All lines in the records below from the line with "このようなスクイーズが見られ" through the line with "魚の身への火通り具合は総じて" are to be given again exactly, both ends included; the pictures are to be left out.

*** Material to process

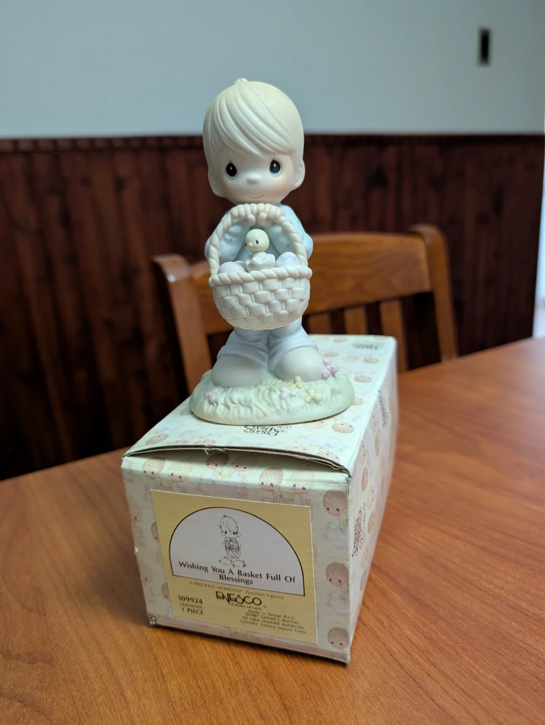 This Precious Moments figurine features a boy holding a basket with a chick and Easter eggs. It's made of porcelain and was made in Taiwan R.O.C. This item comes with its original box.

******
*** Material to process

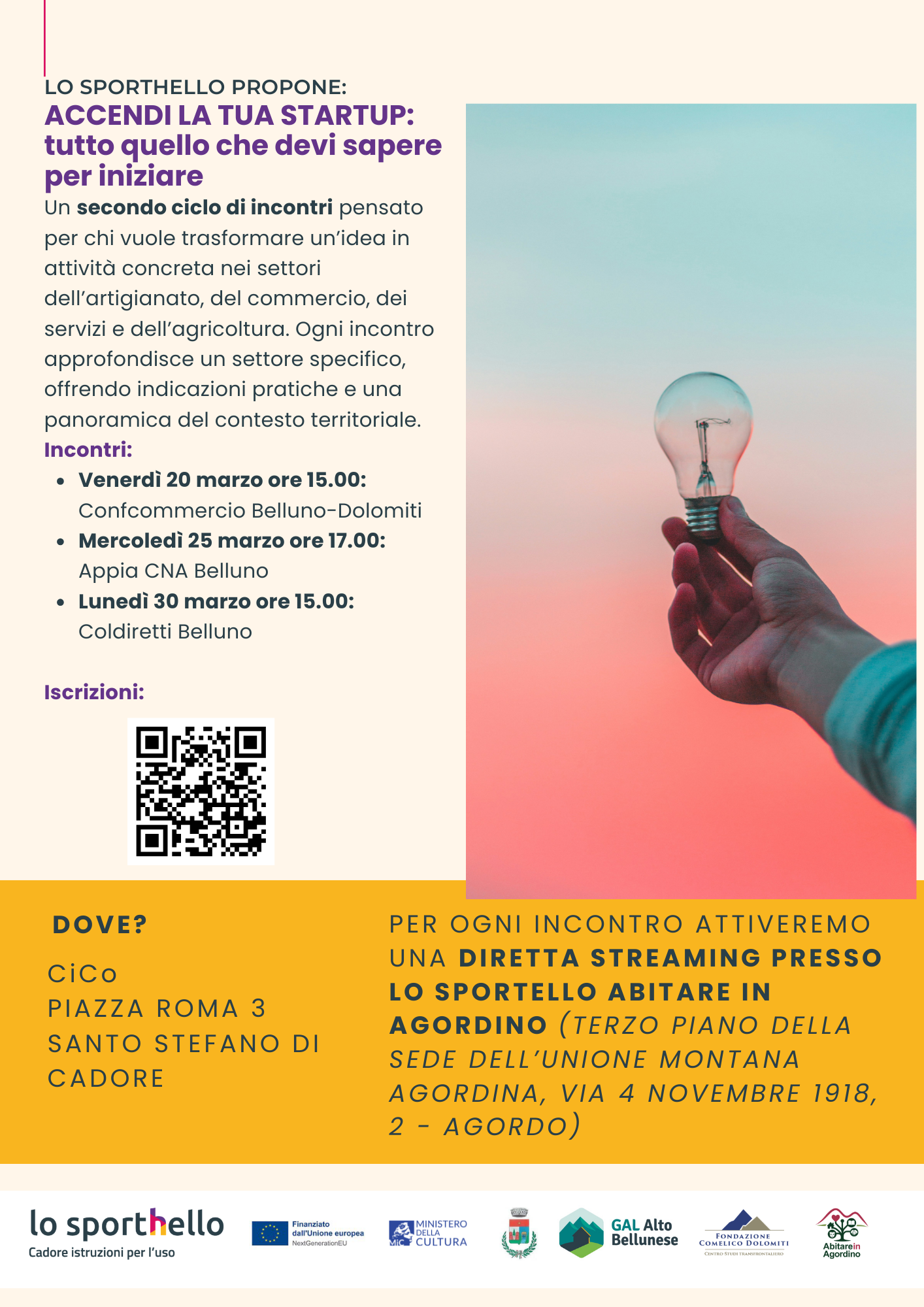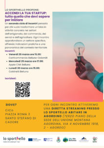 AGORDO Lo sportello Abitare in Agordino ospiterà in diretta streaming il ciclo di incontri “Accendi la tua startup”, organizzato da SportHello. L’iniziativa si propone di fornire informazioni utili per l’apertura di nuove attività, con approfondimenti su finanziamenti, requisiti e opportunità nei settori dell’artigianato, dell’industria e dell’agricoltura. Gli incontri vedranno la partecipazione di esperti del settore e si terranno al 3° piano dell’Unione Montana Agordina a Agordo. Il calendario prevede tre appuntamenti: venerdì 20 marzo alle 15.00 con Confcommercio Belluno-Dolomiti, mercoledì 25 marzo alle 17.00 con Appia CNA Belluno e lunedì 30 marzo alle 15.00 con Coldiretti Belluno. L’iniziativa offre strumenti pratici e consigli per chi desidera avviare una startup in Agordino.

******
*** Material to process

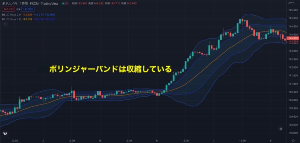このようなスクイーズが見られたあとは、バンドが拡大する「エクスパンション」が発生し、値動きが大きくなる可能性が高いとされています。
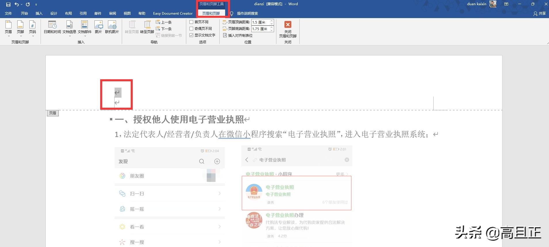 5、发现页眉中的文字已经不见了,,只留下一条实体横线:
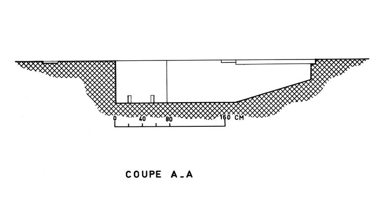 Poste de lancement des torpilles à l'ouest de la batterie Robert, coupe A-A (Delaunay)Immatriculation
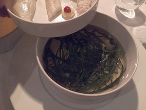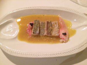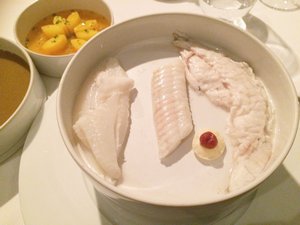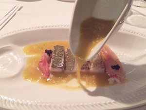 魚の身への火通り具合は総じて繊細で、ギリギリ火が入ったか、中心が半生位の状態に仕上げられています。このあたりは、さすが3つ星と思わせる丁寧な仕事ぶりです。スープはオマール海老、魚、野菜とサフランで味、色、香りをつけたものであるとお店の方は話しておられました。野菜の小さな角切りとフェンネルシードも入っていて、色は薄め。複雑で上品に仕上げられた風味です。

******

> Written solution
このようなスクイーズが見られたあとは、バンドが拡大する「エクスパンション」が発生し、値動きが大きくなる可能性が高いとされています。
 5、发现页眉中的文字已经不见了,,只留下一条实体横线:
 Poste de lancement des torpilles à l'ouest de la batterie Robert, coupe A-A (Delaunay)Immatriculation
 魚の身への火通り具合は総じて繊細で、ギリギリ火が入ったか、中心が半生位の状態に仕上げられています。このあたりは、さすが3つ星と思わせる丁寧な仕事ぶりです。スープはオマール海老、魚、野菜とサフランで味、色、香りをつけたものであるとお店の方は話しておられました。野菜の小さな角切りとフェンネルシードも入っていて、色は薄め。複雑で上品に仕上げられた風味です。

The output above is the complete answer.